— AIM OF THE TASK —
Your answer must be the exact lines of the listing below that run from the line with "으로 지정된 엘리먼트는" to the line with "Per donna Salopette", ends included, and no pictures.

(EXCERPTED RECORDS begins)

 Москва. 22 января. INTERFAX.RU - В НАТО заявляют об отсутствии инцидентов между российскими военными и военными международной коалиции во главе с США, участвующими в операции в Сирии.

(EXCERPTED RECORDS ends)
(EXCERPTED RECORDS begins)

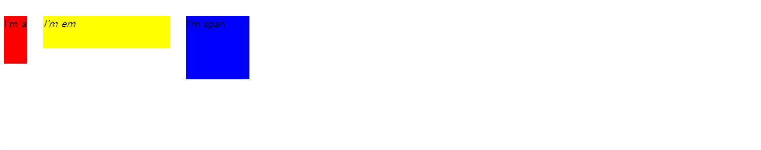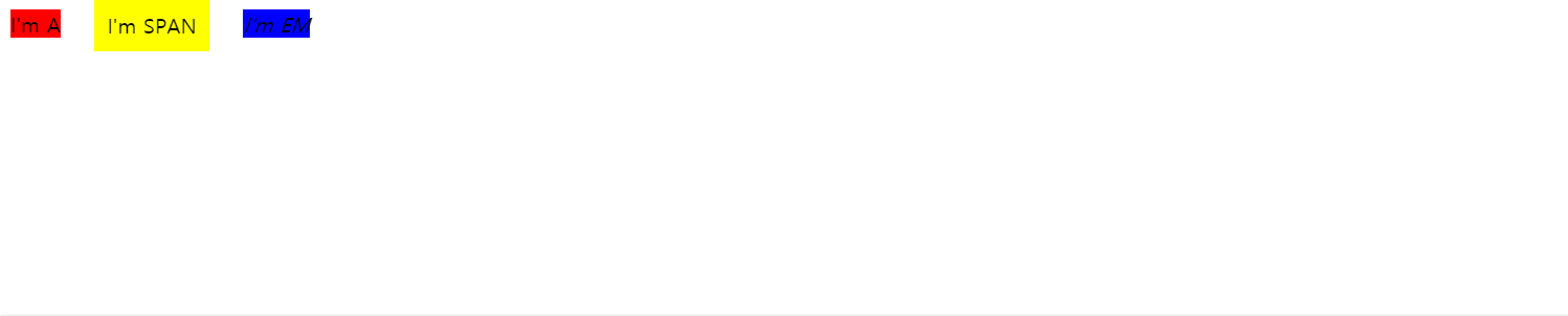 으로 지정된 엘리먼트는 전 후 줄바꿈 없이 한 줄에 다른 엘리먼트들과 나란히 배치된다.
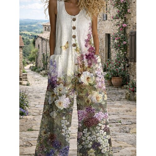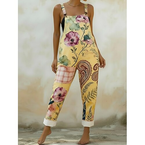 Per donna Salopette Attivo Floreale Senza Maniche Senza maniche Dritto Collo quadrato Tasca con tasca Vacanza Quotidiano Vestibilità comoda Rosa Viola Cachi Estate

(EXCERPTED RECORDS ends)

— EXERCISE OUTPUT —
 으로 지정된 엘리먼트는 전 후 줄바꿈 없이 한 줄에 다른 엘리먼트들과 나란히 배치된다.
 Per donna Salopette Attivo Floreale Senza Maniche Senza maniche Dritto Collo quadrato Tasca con tasca Vacanza Quotidiano Vestibilità comoda Rosa Viola Cachi Estate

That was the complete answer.